[Source records]
++++
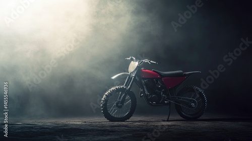 Fototapeta premium Red Motocross Bike in Dramatic Smoky Setting
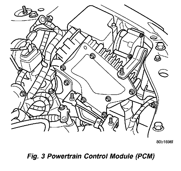 USE THE DRB SCAN TOOL TO REPROGRAM THE NEW PCM WITH THE VEHICLES ORIGINAL IDENTIFICATION NUMBER (VIN) AND THE VEHICLES ORIGINAL MILEAGE. IF THIS STEP IS NOT DONE A DIAGNOSTIC TROUBLE CODE (DTC) MAY BE SET.
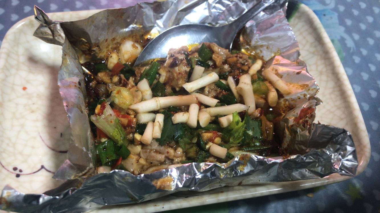 晚饭在云大旁一家锡纸花甲店解决的。傣味,酸酸甜甜的,可能是为了压腥味吧,蒜泥放的有点多,饭后我就买水去了。
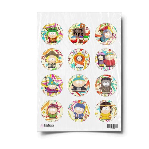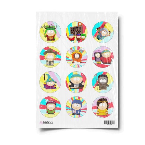 Сахарная картинка для торта. Съедобная, пищевая картинка "Южный Парк (South Park)" , размер А4. Украшение для торта и декор для выпечки.
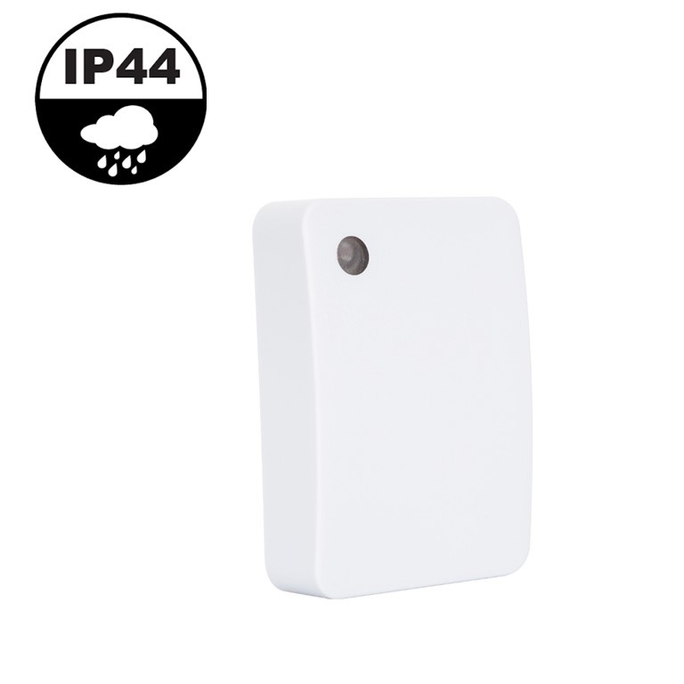Dankzij het compacte design valt de bewegingsmelder niet op wanneer deze gemonteerd wordt aan een gevel. Het armatuur is voorzien van een IP44 normering waardoor het armatuur spatwaterdicht is.
++++
• Task description
Your job is to repeat every entry exactly, keeping all pictures out of the copy.

• Your response
 Fototapeta premium Red Motocross Bike in Dramatic Smoky Setting
 USE THE DRB SCAN TOOL TO REPROGRAM THE NEW PCM WITH THE VEHICLES ORIGINAL IDENTIFICATION NUMBER (VIN) AND THE VEHICLES ORIGINAL MILEAGE. IF THIS STEP IS NOT DONE A DIAGNOSTIC TROUBLE CODE (DTC) MAY BE SET.
 晚饭在云大旁一家锡纸花甲店解决的。傣味,酸酸甜甜的,可能是为了压腥味吧,蒜泥放的有点多,饭后我就买水去了。
 Сахарная картинка для торта. Съедобная, пищевая картинка "Южный Парк (South Park)" , размер А4. Украшение для торта и декор для выпечки.
Dankzij het compacte design valt de bewegingsmelder niet op wanneer deze gemonteerd wordt aan een gevel. Het armatuur is voorzien van een IP44 normering waardoor het armatuur spatwaterdicht is.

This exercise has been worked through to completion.